= What the task requires =
For the data below, restate word for word only the lines from the line containing "De geïntegreerde iPulse" through the line containing "멜라토닌은 치매 유발", both ends included.

= Input records =
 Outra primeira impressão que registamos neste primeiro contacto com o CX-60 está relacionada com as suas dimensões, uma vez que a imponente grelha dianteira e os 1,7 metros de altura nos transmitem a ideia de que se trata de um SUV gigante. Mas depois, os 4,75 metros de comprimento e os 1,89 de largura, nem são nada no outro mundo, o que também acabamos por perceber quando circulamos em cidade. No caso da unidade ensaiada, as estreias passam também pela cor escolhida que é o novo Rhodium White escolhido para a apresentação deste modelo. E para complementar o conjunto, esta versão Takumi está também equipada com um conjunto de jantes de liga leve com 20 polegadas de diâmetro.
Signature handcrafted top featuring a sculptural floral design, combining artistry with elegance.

...

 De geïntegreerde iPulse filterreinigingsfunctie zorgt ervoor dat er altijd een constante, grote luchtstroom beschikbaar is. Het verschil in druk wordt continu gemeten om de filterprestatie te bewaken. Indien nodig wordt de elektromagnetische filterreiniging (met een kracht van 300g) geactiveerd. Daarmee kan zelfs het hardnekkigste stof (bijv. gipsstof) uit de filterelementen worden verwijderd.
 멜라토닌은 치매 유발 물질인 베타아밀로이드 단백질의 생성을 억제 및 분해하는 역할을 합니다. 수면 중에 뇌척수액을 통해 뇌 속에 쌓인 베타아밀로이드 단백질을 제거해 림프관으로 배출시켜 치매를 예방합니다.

= Response to the task =
 De geïntegreerde iPulse filterreinigingsfunctie zorgt ervoor dat er altijd een constante, grote luchtstroom beschikbaar is. Het verschil in druk wordt continu gemeten om de filterprestatie te bewaken. Indien nodig wordt de elektromagnetische filterreiniging (met een kracht van 300g) geactiveerd. Daarmee kan zelfs het hardnekkigste stof (bijv. gipsstof) uit de filterelementen worden verwijderd.
 멜라토닌은 치매 유발 물질인 베타아밀로이드 단백질의 생성을 억제 및 분해하는 역할을 합니다. 수면 중에 뇌척수액을 통해 뇌 속에 쌓인 베타아밀로이드 단백질을 제거해 림프관으로 배출시켜 치매를 예방합니다.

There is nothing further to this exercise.